* PROBLEM REQUIREMENTS
In the data below, restate exactly the lines from the one with "Reverie Speech-to-Text API" to the final line, both included, but not the pictures.

* STORED DATA

------------------------------

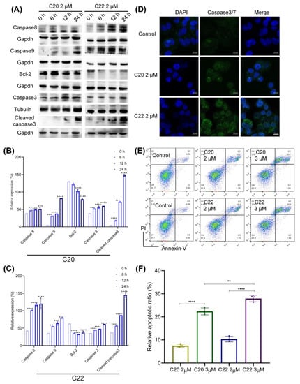 Treatment with C20/C22 led to increased proapoptotic protein expression and a caspase cascade response. (A–C) WB analysis of the antiapoptotic and caspase proteins in HepG2 cells treated with C20/C22 at 2 μM for 0, 6, 12, and 24 h. The reported values correspond to the mean ± SD for three independent experiments. (D) Immunofluorescence assays employed to determine the expression of caspase3/7 in cells with indicated treatments. Scale bars, 10 µm. (E,F) Apoptotic cells detected by flow cytometry after indicated treatments (n = 3). The p-value was analyzed by one-way ANOVA followed by Tukey’s test using GraphPad Prism version 8.00. ** p < 0.01, *** p < 0.001, and **** p < 0.0001 vs. 0 h/control group.
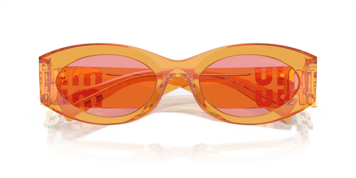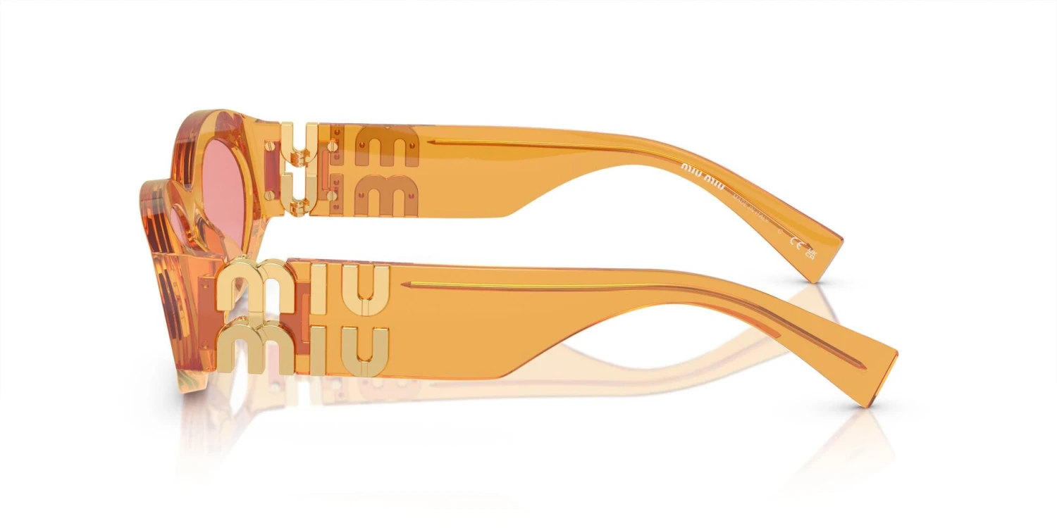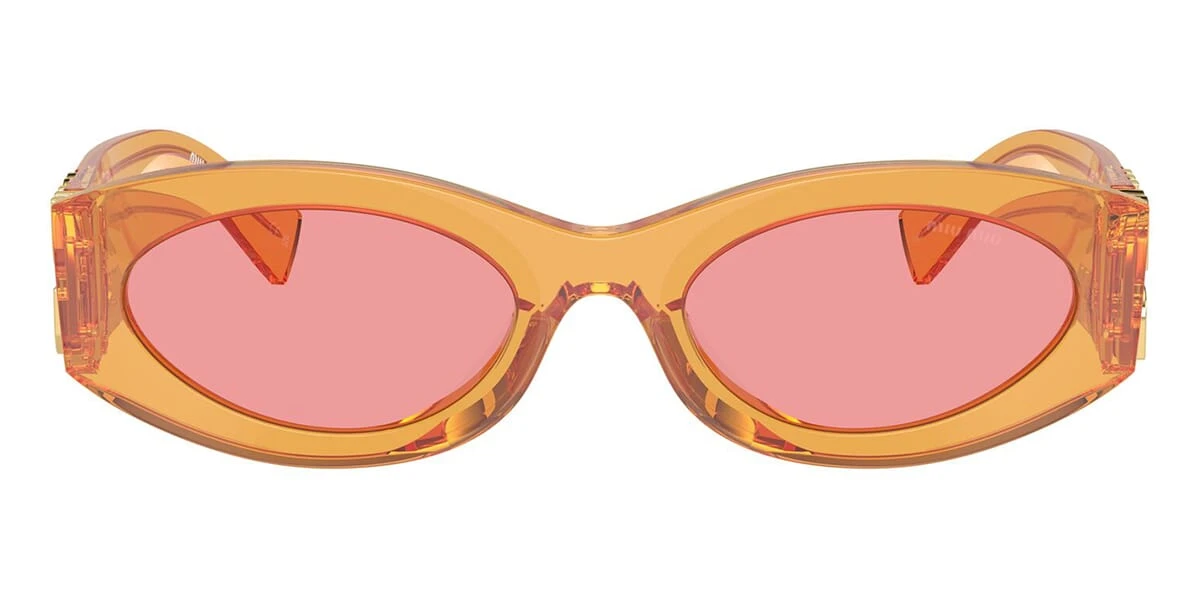 This round Miu Miu sunglass comes in a orange crystal frame with pink lenses.
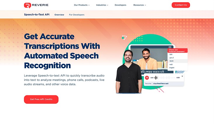 Reverie Speech-to-Text API provides real-time and batch transcription with strong support for multilingual and regional language processing, ideal for businesses handling diverse voice inputs.
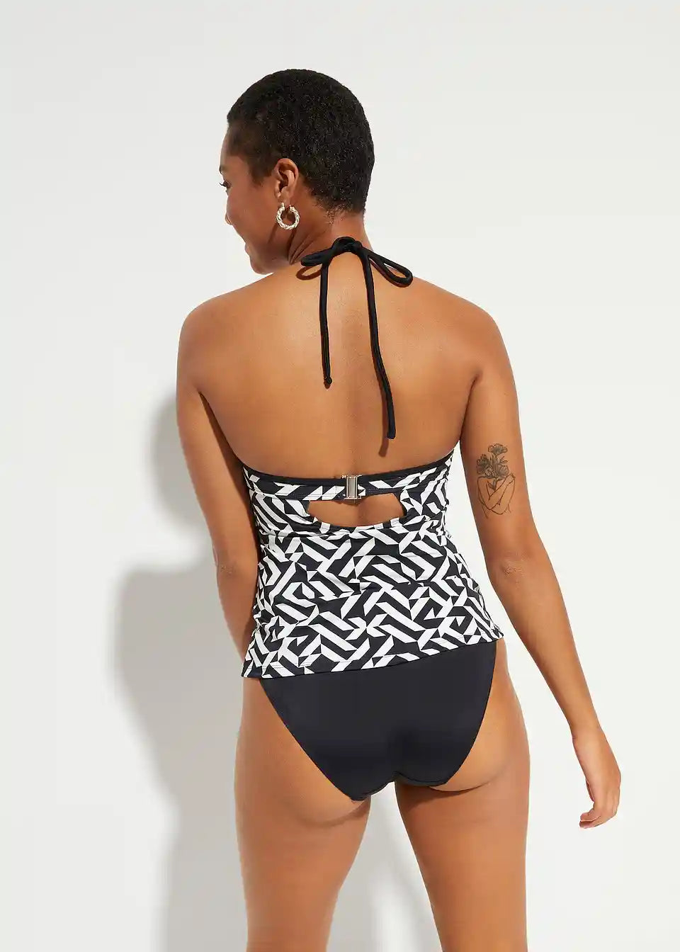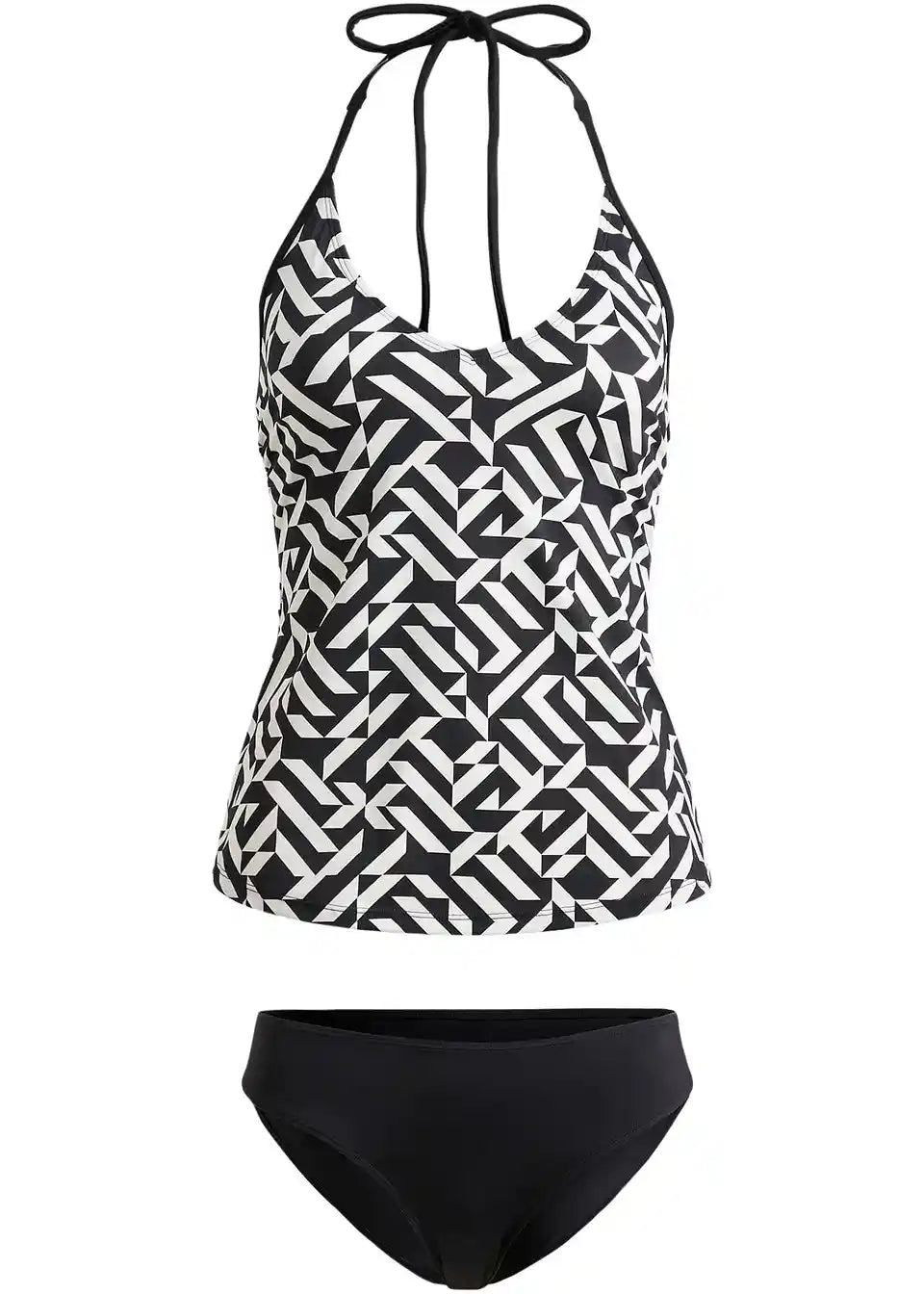 Schöner im Nacken zu bindenden Tankini mit graphischem Muster

------------------------------

* RESPONSE TO THIS TASK
 Reverie Speech-to-Text API provides real-time and batch transcription with strong support for multilingual and regional language processing, ideal for businesses handling diverse voice inputs.
 Schöner im Nacken zu bindenden Tankini mit graphischem Muster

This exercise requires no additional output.